Records for this exercise:

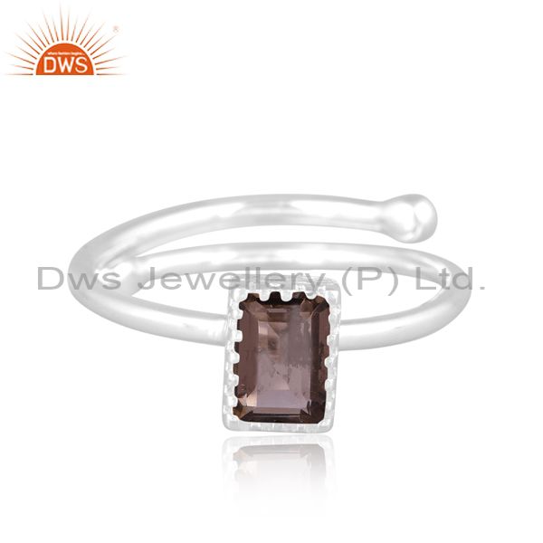 Sterling Silver Adjustable Ring With Smoky Baguette Stone
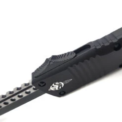 As the flagship model of the Microtech® O.T.F. lineup, the Ultratech® sets the standard for Out-The-Front technology. Proprietary design allows the firing spring to be at rest in both the open and closed positions, drastically reducing wear on the internal firing mechanisms. The contoured chassis handle provides a lighter and more ergonomic feel and comes in a smooth, flat finish.
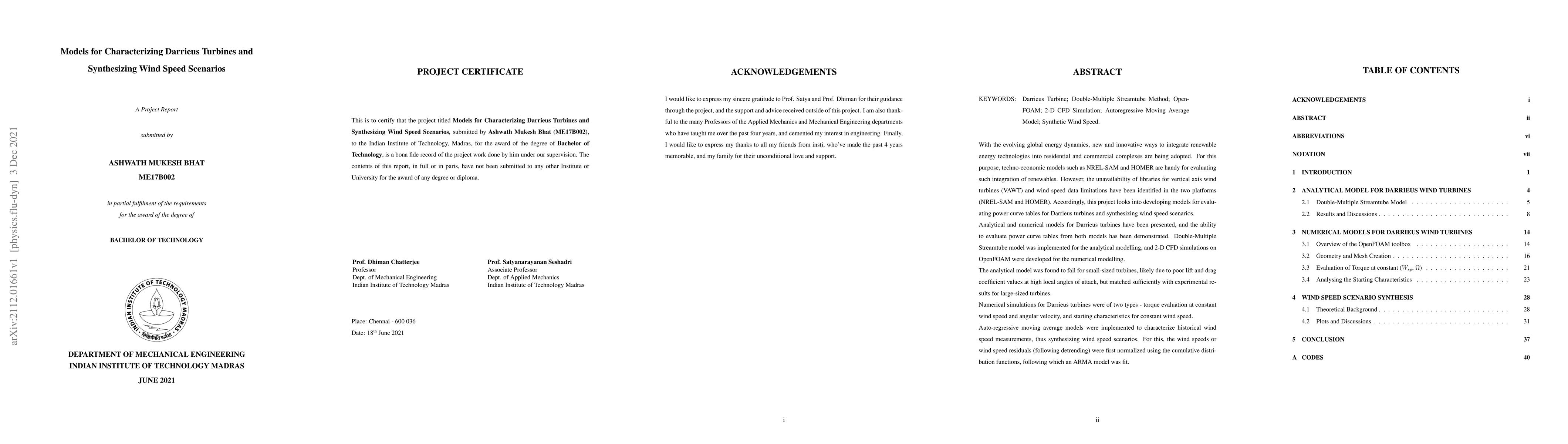 The development and validation of both analytical Double-Multiple Streamtube models and CFD simulations for Darrieus VAWTs, along with methods for generating synthetic wind speed scenarios using ARMA models.
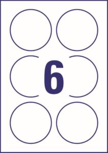 kolečka průměr 80 mm, 10 archů A4, 60 ks etiket v balení (6 ks/arch), papírové, snímatelné lepidlo, barva bílá. Typ tiskárny: černobílá laserová, barevná laserová, inkoustová.
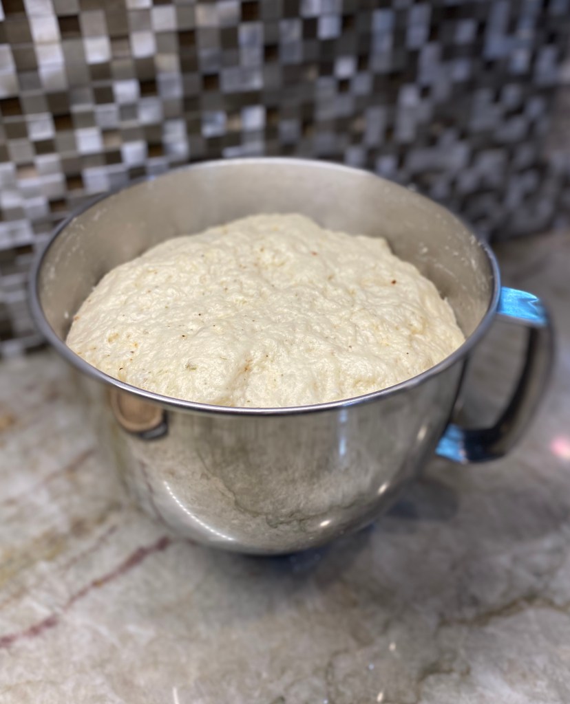 - In a mixer, add bread flour, salt, black pepper, garlic powder, red pepper flakes, anise seed, and oregano. Mix on low speed.

Your goal:
Using the records above, print exactly the lines between the ones containing "As the flagship" and "kolečka průměr 80", inclusive, and nothing else; no pictures.

Response:
 As the flagship model of the Microtech® O.T.F. lineup, the Ultratech® sets the standard for Out-The-Front technology. Proprietary design allows the firing spring to be at rest in both the open and closed positions, drastically reducing wear on the internal firing mechanisms. The contoured chassis handle provides a lighter and more ergonomic feel and comes in a smooth, flat finish.
 The development and validation of both analytical Double-Multiple Streamtube models and CFD simulations for Darrieus VAWTs, along with methods for generating synthetic wind speed scenarios using ARMA models.
 kolečka průměr 80 mm, 10 archů A4, 60 ks etiket v balení (6 ks/arch), papírové, snímatelné lepidlo, barva bílá. Typ tiskárny: černobílá laserová, barevná laserová, inkoustová.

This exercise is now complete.